▸ WORK TASK: What is needed is an exact copy of the lines from the line holding "Tak dnes jsme" through the end of the material, with no other lines and no pictures.

(PROVIDED DATA begins)

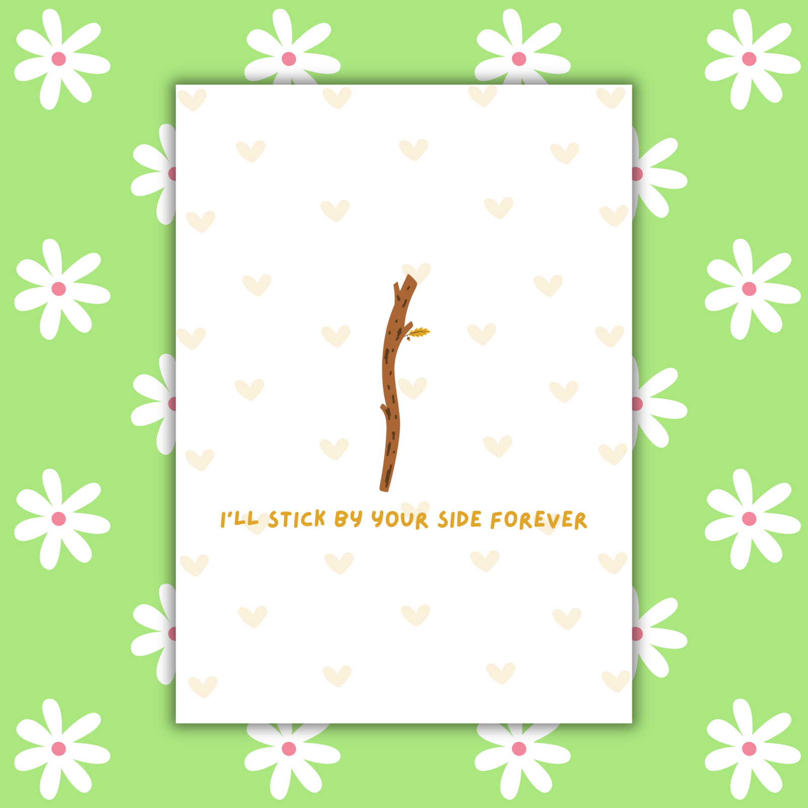 Show your commitment with this adorable and punny card! Featuring a simple yet sweet design of a stick, it’s a playful way to tell your special someone you’ll be with them through thick and thin.
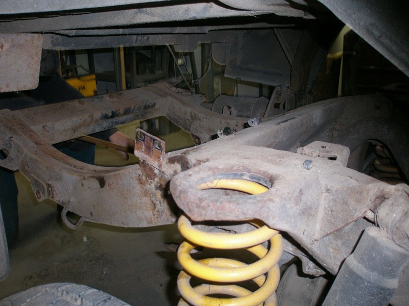 Tak dnes jsme oholili rám, jak se dalo. Šla dolů celá nádrž, všechny naftové i brzdové hadice, elektroinstalace, dorazy, cross-membery, turrety nad tlumiči, výfuk a další drobnosti a držáčky.
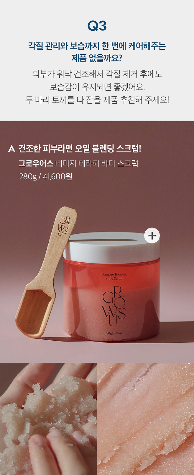 그로우어스의 데미지 테라피 바디 스크럽은 4가지의 식물성 오일이 함유되어 스크럽 후에도 피부를 건조하지 않게 유지해 주죠. 분리된 스크럽과 오일층을 잘 믹스해 사용해 주면 되는데요. 특별히 보습을 신경 써줘야 하는 팔꿈치나 발뒤꿈치 각질을 깔끔하게 케어하기에 좋아요. 오일 성분이 보습막을 만들어 주어 타올 드라이 후에도 피부를 건조하지 않게 유지해주죠. 마무리감은 미끈거림 없이 쫀쫀해서 여름엔 별도의 바디 크림을 바르지 않아도 될 정도!
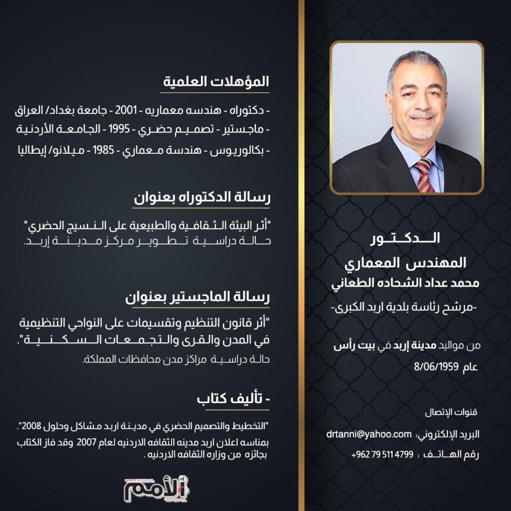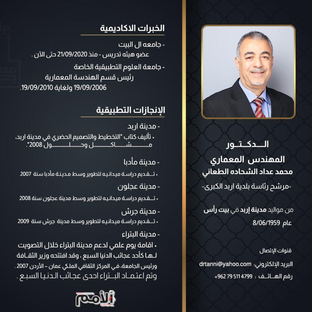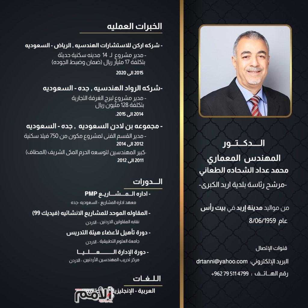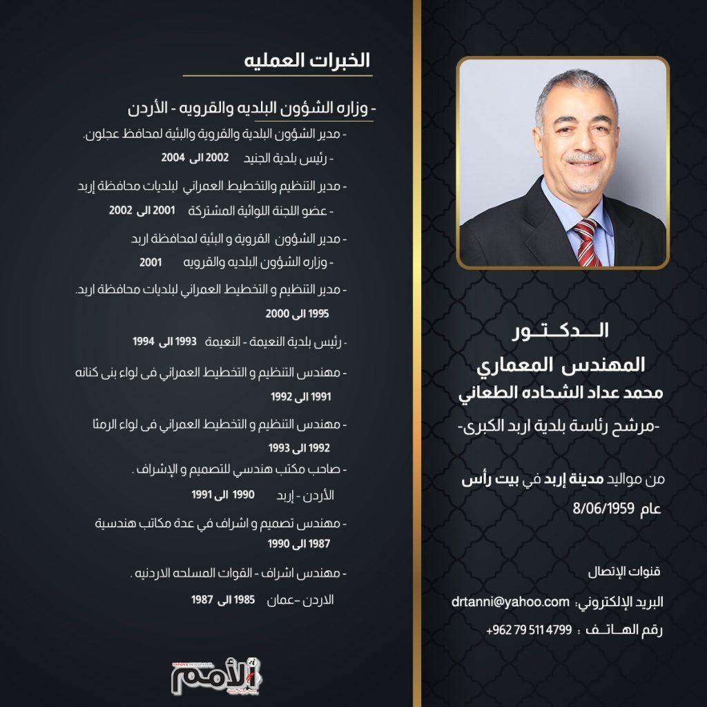 بعد خبرة طويلة ومضنية في العمل البلدي منذ عام 1991 وتنقله في مواقع عديدة في البلديات كمدير للشؤون البلدية والقروية ومديرا للتنظيم والتخطيط العمراني لبلديات محافظة اربد ورئاسته لعدة بلديات وتميزه في العمل الهندسي المعماري أعلن المرشح الدكتور المهندس المعماري “محمد عداد الشحادة الطعاني” عن نيته ورغبته بالترشح لانتخابات رئاسة بلدية اربد الكبرى المقبلة .

(PROVIDED DATA ends)

▸ RESULT OF THE TASK:
 Tak dnes jsme oholili rám, jak se dalo. Šla dolů celá nádrž, všechny naftové i brzdové hadice, elektroinstalace, dorazy, cross-membery, turrety nad tlumiči, výfuk a další drobnosti a držáčky.
 그로우어스의 데미지 테라피 바디 스크럽은 4가지의 식물성 오일이 함유되어 스크럽 후에도 피부를 건조하지 않게 유지해 주죠. 분리된 스크럽과 오일층을 잘 믹스해 사용해 주면 되는데요. 특별히 보습을 신경 써줘야 하는 팔꿈치나 발뒤꿈치 각질을 깔끔하게 케어하기에 좋아요. 오일 성분이 보습막을 만들어 주어 타올 드라이 후에도 피부를 건조하지 않게 유지해주죠. 마무리감은 미끈거림 없이 쫀쫀해서 여름엔 별도의 바디 크림을 바르지 않아도 될 정도!
 بعد خبرة طويلة ومضنية في العمل البلدي منذ عام 1991 وتنقله في مواقع عديدة في البلديات كمدير للشؤون البلدية والقروية ومديرا للتنظيم والتخطيط العمراني لبلديات محافظة اربد ورئاسته لعدة بلديات وتميزه في العمل الهندسي المعماري أعلن المرشح الدكتور المهندس المعماري “محمد عداد الشحادة الطعاني” عن نيته ورغبته بالترشح لانتخابات رئاسة بلدية اربد الكبرى المقبلة .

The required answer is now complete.